En este sentido, señalan un anuncio publicado sobre un piso de 125 metros cuadrados en el centro de Madrid, cuyo propietario manifiesta pretender “un alquiler de larga duración, para familias que quieran vivir en esta finca y hacerla su hogar, a su gusto”.De acuerdo con este portal, que calcula los meses de exención de la renta en función del precio medio del alquiler y la estimación del coste de la reforma, este céntrico piso madrileño, que mejoraría “sustancialmente” con una rehabilitación valorada en 7.500 euros, podría intercambiarse por seis mensualidades a razón de 1.250 euros al mes. “Después de este tiempo, el inquilino seguiría viviendo en un piso seminuevo y el propietario habría revalorizado la vivienda”, aseguran.

El el blog de Fotocasa aseguran que cada vez hay más propietarios dispuestos a aceptar este trueque, por lo que ofrecen incluso una guía de precios.
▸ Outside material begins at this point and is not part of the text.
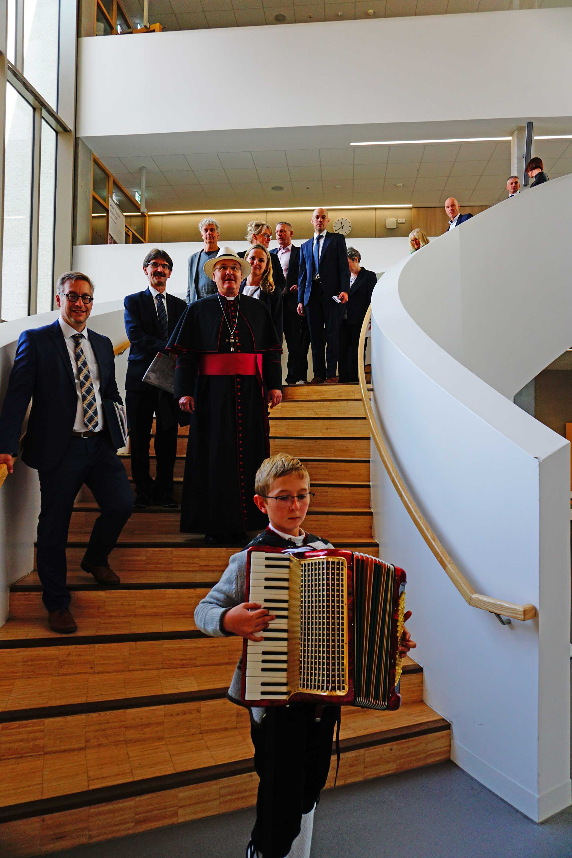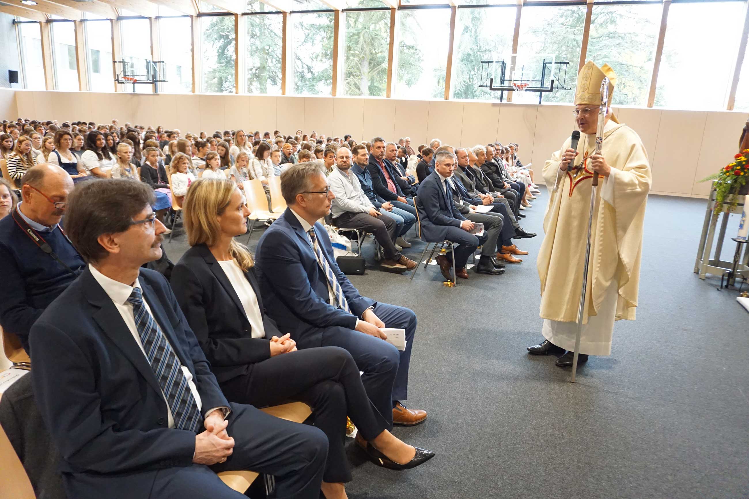 Nach der Predigt segnete Bischof Rudolf das neue Schulgebäude und die Doppelturnhalle. Er bat um Gottes Segen für alle, „die dort lehren, lernen und spielen“, und wünschte ihnen gegenseitige Achtung, das Erkennen von Gottes Güte und Liebe sowie ein erfülltes Leben. Die Segnungsfeier markierte nicht nur das Ende eines umfangreichen Bauprojekts, sondern auch ein Symbol des Zusammenhalts der gesamten Schulgemeinschaft.

Una operación que precisa de un pacto sobre la sustitución total o parcial de la renta tanto como de la determinación de los meses en los que se producirá el reemplazo y el detalle de las obras que van a acometerse. “Téngase en cuenta que en caso de incumplimiento de lo pactado por parte del arrendatario, el arrendador puede resolver el contrato de arrendamiento y obligar al arrendatario a reponer las cosas al estado en el que estaban o conservar la obra realizada sin indemnización alguna”, señala Carlos Peces.

Proceso legal

Integra Abogados recomienda que se solicite un presupuesto detallado a la empresa que va a realizar las obras de reforma y que dicho presupuesto sea firmado por ambas partes, exigiendo siempre la emisión de la correspondiente factura a la empresa constructora y conservando el justificante bancario del pago de la misma. “Una vez terminada la obra, el arrendatario podría solicitar al arrendador la visita e inspección de la obra y la firma de un documento de aceptación y conformidad con las obras como si de un acta de recepción se tratara”, prosigue este especialista.

Tampoco sobra recabar el proyecto de obras, el proyecto de ejecución o la memoria de calidades, entre otros documentos, y en todos, afirma, “es conveniente e incluso necesario obtener el consentimiento del arrendador por cualquier medio válido en Derecho”. Y siempre, formalizar un contrato que recogerá, como mínimo, el precio del arrendamiento, la forma de pago, cuestiones de índole tributaria, el precio de las obras de reforma según el presupuesto de la empresa constructora, si el reemplazo de la renta es total o parcial (en este caso cuánto se pagará en metálico), el plazo de duración de la sustitución y otros aspectos sobre la ejecución de la obra: cuánto durará, tasas, calidades, responsabilidades, garantías, etc.

Estas recomendaciones ofrecidas por Integra Abogados excluyen el tipo de intercambio popularizado por los medios de comunicación en el que el autor de las obras es el propio inquilino tirando de tiempo y destrezas, al margen de las garantías que se puedan buscar en la intervención de una empresa especializada en construcción y reformas.

Las obras únicamente sustituyen al pago de la renta y nunca a las obligaciones tributarias de las partes, que siguen plenamente vigentes

Peces recuerda, para terminar, que las obras “únicamente sustituyen al pago de la renta” y nunca a las obligaciones tributarias de las partes, que siguen plenamente vigentes “y que deben cumplirse escrupulosamente aun cuando no se obtiene el precio de la renta en metálico”. Y sí, a la financiación del arrendamiento, las obras quedan a beneficio del inmueble “por lo que el arrendador no tiene que pagar al arrendatario y este nada puede reclamar al arrendador”.